> **YOUR INSTRUCTIONS**
There is a line containing "ハナミズキの蕊に擬態してるかのような蜘蛛はハナグモさんかなぁ〜💕" in the records below. Repeat it and every line after it, exactly, through the final line, but no pictures.

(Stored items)
Content starts

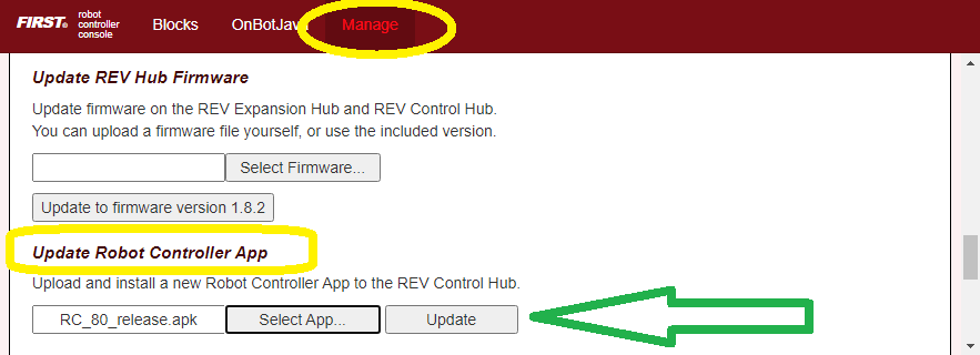 http://192.168.43.1:8080Click the Manage tab, then scroll down to “Update Robot Controller App”.
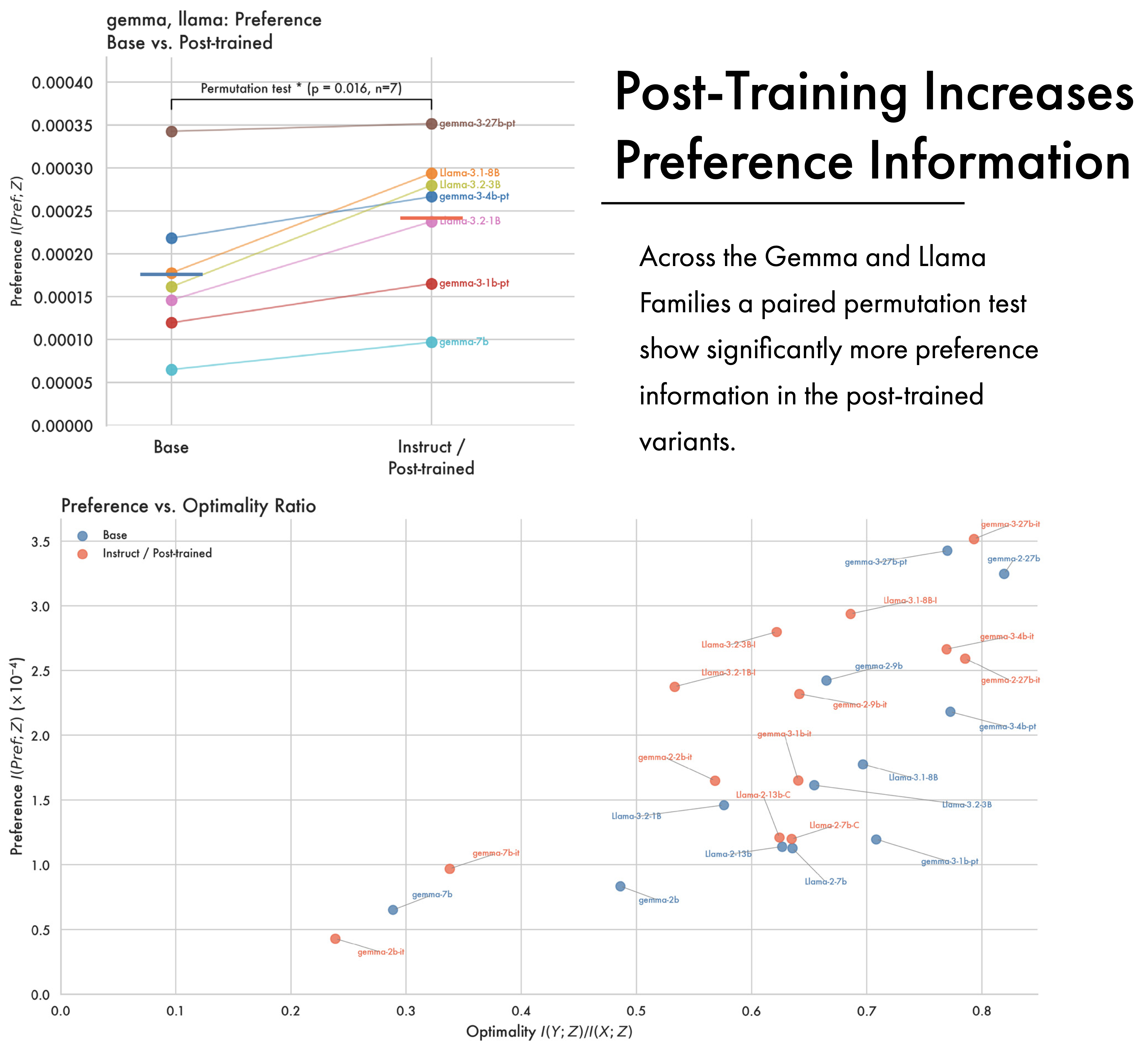 While LLMs become optimally compressed for next sequence prediction over pre-training, the final phase of the training pipeline often introduces other kinds of information. In the general case, post-training is designed to improve a model’s ability to follow instructions and better align it with human preferences; we look at how this changes the information content of a model, and how it affects the representations from pre-training. The figure above shows preference information across two different families of open weights models, Llama and Gemma, which release a checkpoint at the end of pre-training and one at the end of post-training. In the Llama case post trained models consistently have higher preference information than their pre- and mid-trained counterparts. This supports a framing of pre-training as imbuing the model with core semantic information, which is later augmented with task-specific and preference information. With the Gemma models the picture is more complicated, with a consistent effect for the most recent Gemma 3 release — post trained models have greater preference information — but no significant pattern across earlier models.
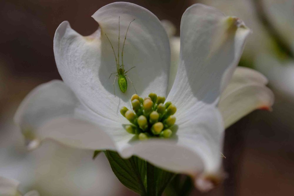 ハナミズキの蕊に擬態してるかのような蜘蛛はハナグモさんかなぁ〜💕
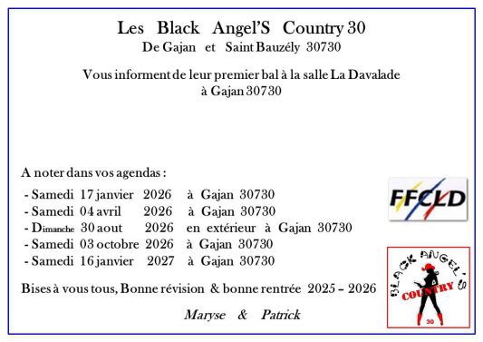 Evénements    Black  Angel'S   Country  30    ==>            saison  2025  -  2026
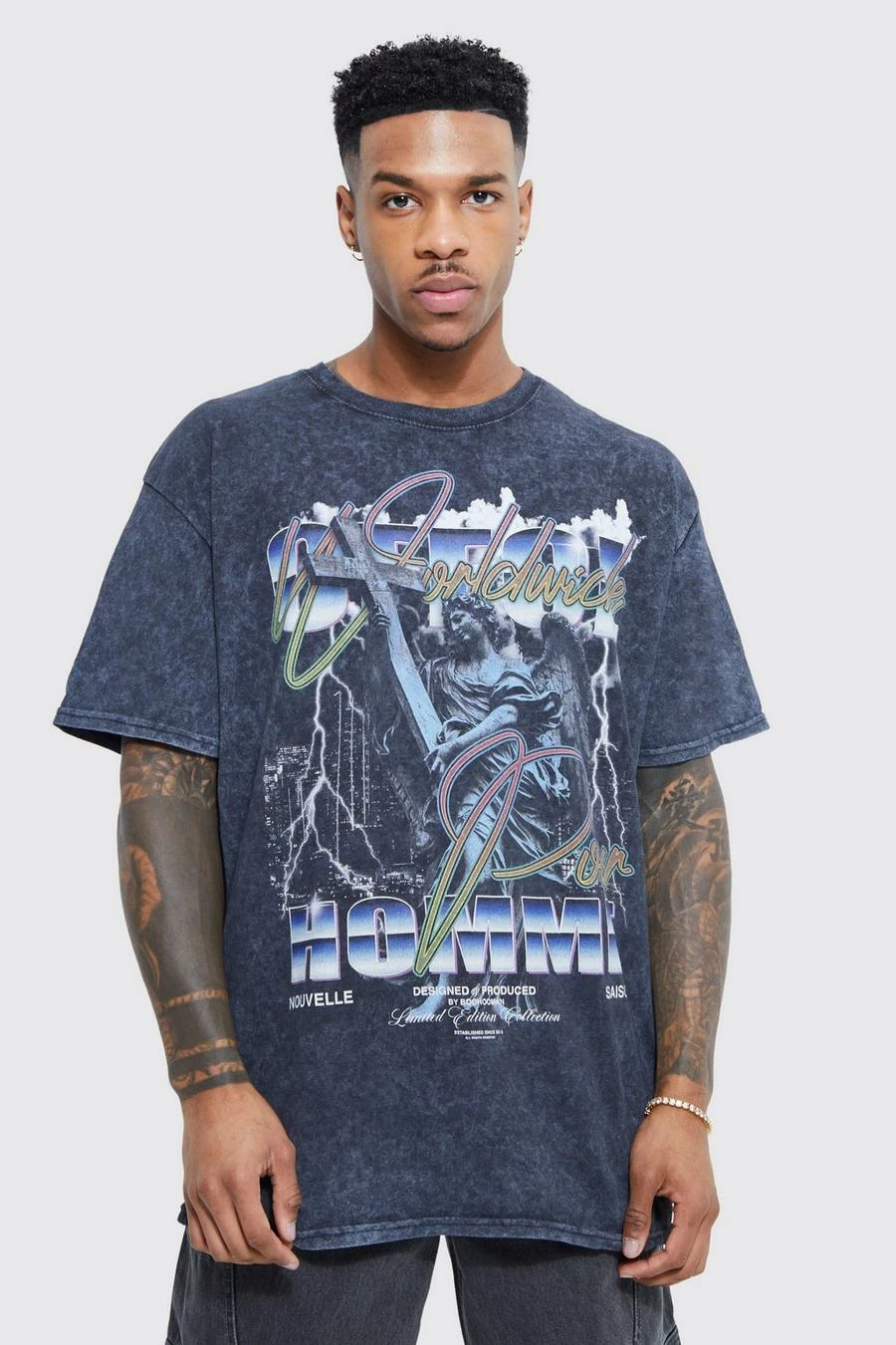 Wholesale βœ”οΈ Oversized Acid Wash Statue Graphic T-shirt Black πŸ›’
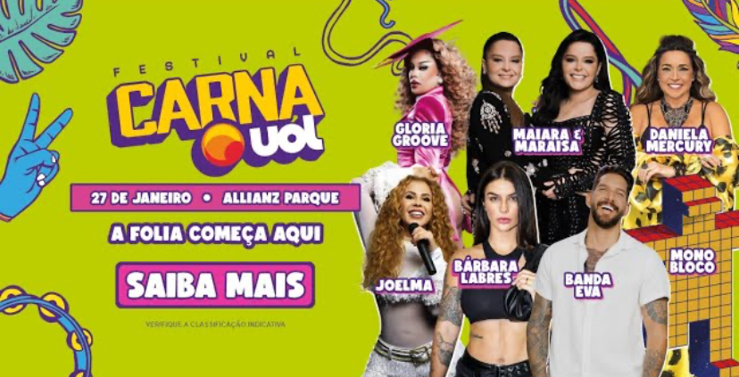 O line-up do CarnaUOL contempla diversos gêneros musicais, como Pop, Axé, Forró, Sertanejo e Funk, e conta com a confirmação de Maiara e Maraisa, Joelma – que convida a banda Olodum -, Gloria Groove, Daniela Mercury, Banda Eva junto de Jammil, Bárbara Labres e Monobloco.

Content ends

> **ANSWER FOR THIS EXERCISE**
 ハナミズキの蕊に擬態してるかのような蜘蛛はハナグモさんかなぁ〜💕
 Evénements    Black  Angel'S   Country  30    ==>            saison  2025  -  2026
 Wholesale βœ”οΈ Oversized Acid Wash Statue Graphic T-shirt Black πŸ›’
 O line-up do CarnaUOL contempla diversos gêneros musicais, como Pop, Axé, Forró, Sertanejo e Funk, e conta com a confirmação de Maiara e Maraisa, Joelma – que convida a banda Olodum -, Gloria Groove, Daniela Mercury, Banda Eva junto de Jammil, Bárbara Labres e Monobloco.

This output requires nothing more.